From Forbes…
For decades, the standard approach to teaching kids how to decipher, or “decode,” text has rested on the assumption that it’s not necessary to explicitly teach the vast majority of them how to connect sounds in words to the letters that represent them. Teachers may throw in some of that instruction, often called “phonics,” but they’re guided by their training and materials to encourage kids to guess at words, using context or pictures. Scientific evidence has clearly shown, however, that many if not most children will struggle to become fluent readers unless they get systematic instruction in phonics.
The difference between my oldest learning to read and my youngest, 15 years, is night and day. The oldest was just barely getting some of this crap, and the youngest only got a little bit of phonics. The middle kid, was somewhere inbetween.

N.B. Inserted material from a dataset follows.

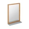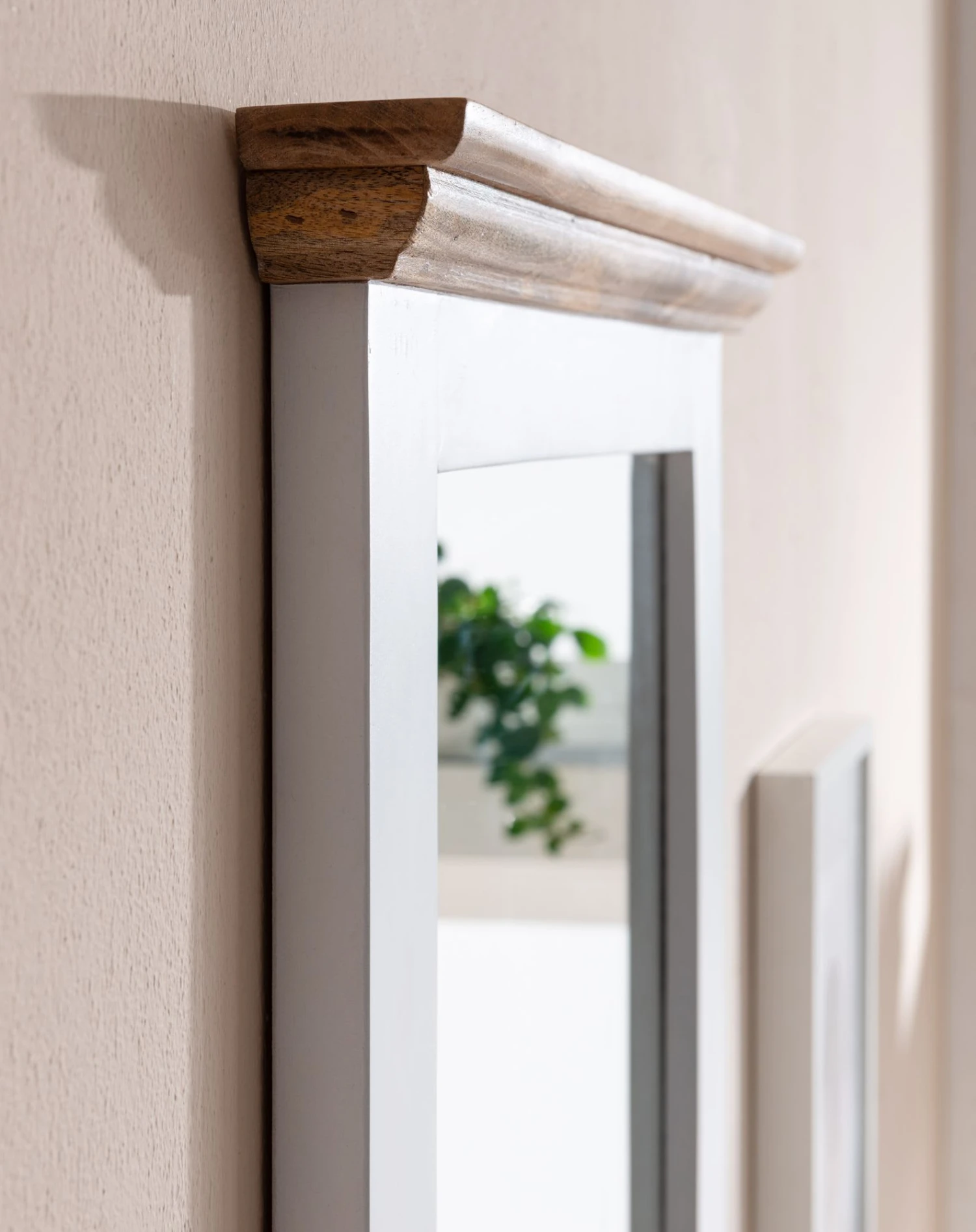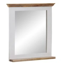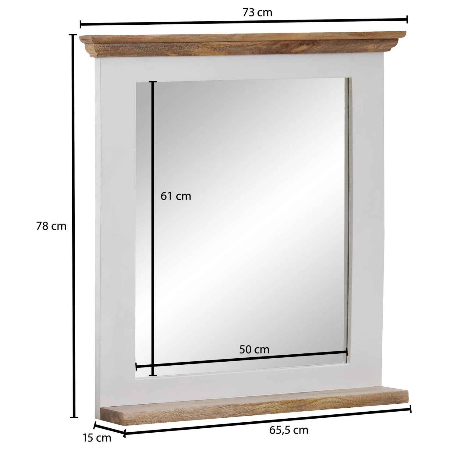 Design Moderner Wandspiegel in rechteckiger Form Farblich abgesetzte Oberkante und Ablagefläche Dekorative Zierfräsungen entlang der oberen Kante Aufgrund des Designs in vielen Räumen einsetzbar Abmessungen Breite: 73 cm Höhe: 78 cm Tiefe: 15 cm Spiegel (BxH): 50 x 61 cm Ablagefläche (BxT): 65,5 x 12 cm Materialstärke Holz: ca. 3 cm Farbe Rahmen: Weiß Oberkante und Ablage: Braun Besonderheiten Jeder Spiegel wurde in liebevoller Handarbeit gefertigt und ist somit ein absolutes Unikat Aufgrund des verwendeten Naturprodukts kann es zu leichten Farb- und Maßabweichungen kommen Vorrichtung zur Wandmontage an der Rückseite des Spiegels Praktische Ablage für Zahnbürsten, Deo, Parfüm und vieles mehr Holzschutz bietet die Schutzlackversiegelung der Holzoberflächen Empfohlene Maximalbelastbarkeit: 5 kg Material Spiegelfläche: Glas Rahmen: Mango Massivholz, weiß lackiert & mit klarem Schutzlack beschichtet Oberkante und Ablage: Mango Massivholz, mit klarem Schutzlack beschichtet Rückwand: MDF Lieferumfang Ein Badspiegel ohne Dekoration Montagematerial für die Wandbefestigung ist nicht im Lieferumfang enthalten, da dieses von der Wandbeschaffenheit abhängig ist Montage Lieferzustand: komplett montiert und sicher verpackt Pflegehinweise Die Spiegelfläche bitte mit Glasreiniger bzw. Fensterreiniger und einem fusselfreien Lappen reinigen. Scheuermittel, scharfe Reiniger und Metallschwämme unbedingt vermeiden.

As a result, the amount of reading done for pleasure is the same. The oldest devours books, unfortunately a lot of HP fanfic, and learns by reading. The youngest, possibly the brightest, struggles absorbing via text. Doesn’t read very naturally.

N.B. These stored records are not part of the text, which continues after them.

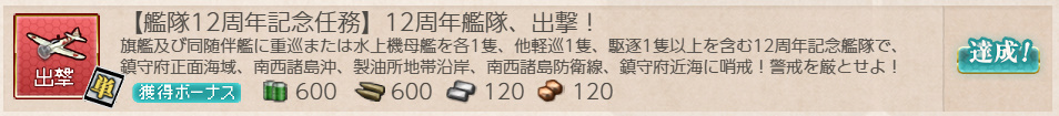 艦これ 任務「【艦隊12周年記念任務】12周年艦隊、出撃!」【期間限定/出撃/単発】1-1,1-2,1-3,1-4,1-5
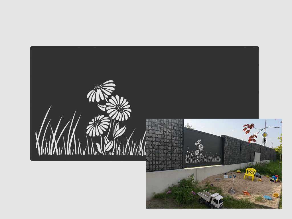 Designový plotový dílec, výplň - Květina a tráva
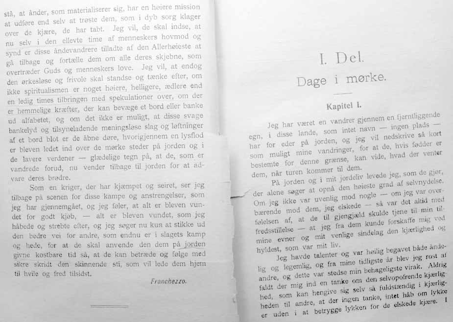 spiritismen mest i Norge, men han har ogsaa været paa foredragsturne i Danmark.
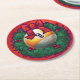 Neun Ball in Weihnachtskranz auf Rot Runder Pappuntersetzer
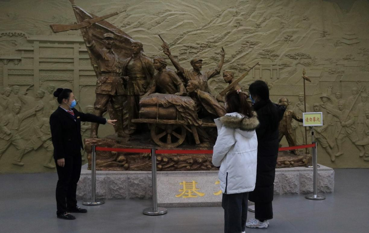 在工作人员的带领下,我们依序参观,仿佛置身于历史的长廊之中,恍若回到了那段激情燃烧的岁月。在一尊革命烈士雕像前,我们被深深的打动。那不仅仅是一尊冰冷的艺术品,而是有血有肉的革命前辈站在我们的眼前。领头的革命战士高举着枪,好像是在振臂高呼,冲啊!后面的战士都举起枪杆和手臂。还有乳臭未干的小孩子,在队伍的后面拿着长矛大声呐喊。虽然他们在那里一动不动,但我好像就站在战争的现场,身临其境的感受到革命军民不畏强敌,不惧牺牲,誓死捍卫祖国的决心与斗志。看着他们英雄壮举,我们深知作为新时代的新青年,作为一名光荣的共青团员,应该向革命英烈前辈学习,热爱祖国,乐于奉献,用自己的毕生心血捍卫无数革命英烈用鲜血换来的祖国疆土。
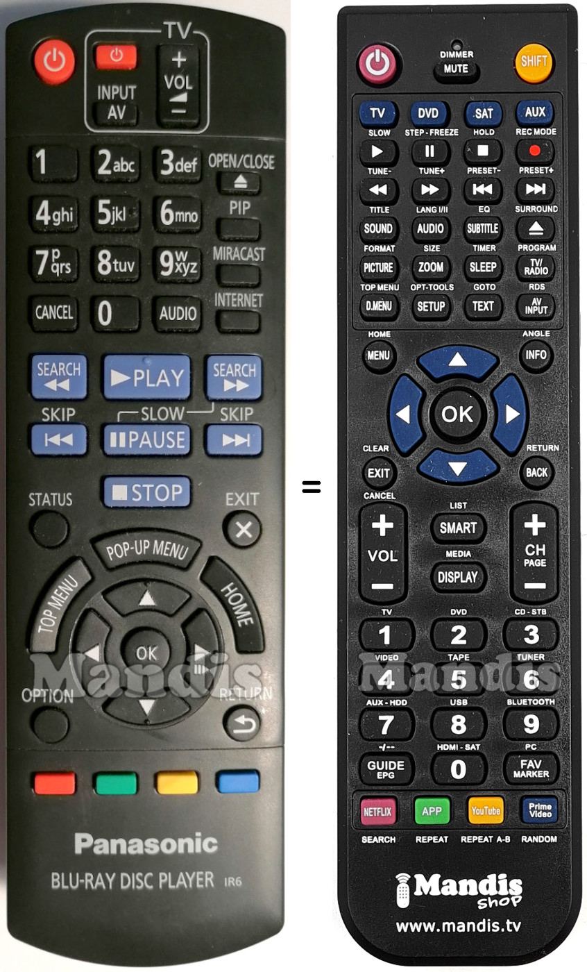 A continuació, us mostrarem la correspondència entre cada un dels botons del comandament original i el botó que realitza la mateixa funció en el comandament de substitució. En alguns casos, és possible que necessiti prémer la tecla SHIFT abans de prémer un altre botó per realitzar certes accions. Aquestes funcions addicionals sovint no s'utilitzen gaire i s'inclouen per facilitar la comprensió del comandament de substitució, o perquè el comandament original té més botons que el seu equivalent.

We tried to counter this by teaching phonics at home, but the hammering in of “guessing” the word I believe has harmed her and her older sister for life. If she doesn’t know a word she essentially skips it, and her vocabulary is both wide and oddly narrow.
This is a method of teaching that has been proven not to work, but the speed the national standards change is so slow it’s not changing. It’s also supposed to somehow help disadvantaged kids, but doesn’t, which makes the inertia just that much harder to overcome to make a change. I believe this is worse than new math, since at least new math teaches you some method to get there. Even though it would have just been simpler to memorize simple addition and multiplication tables in elementary school instead of high school.
The new reading methods don’t actually give you tools to learn new words on their own. Given a difficult word they are left just staring at it until they give up, or use a traditional method they weren’t well taught on.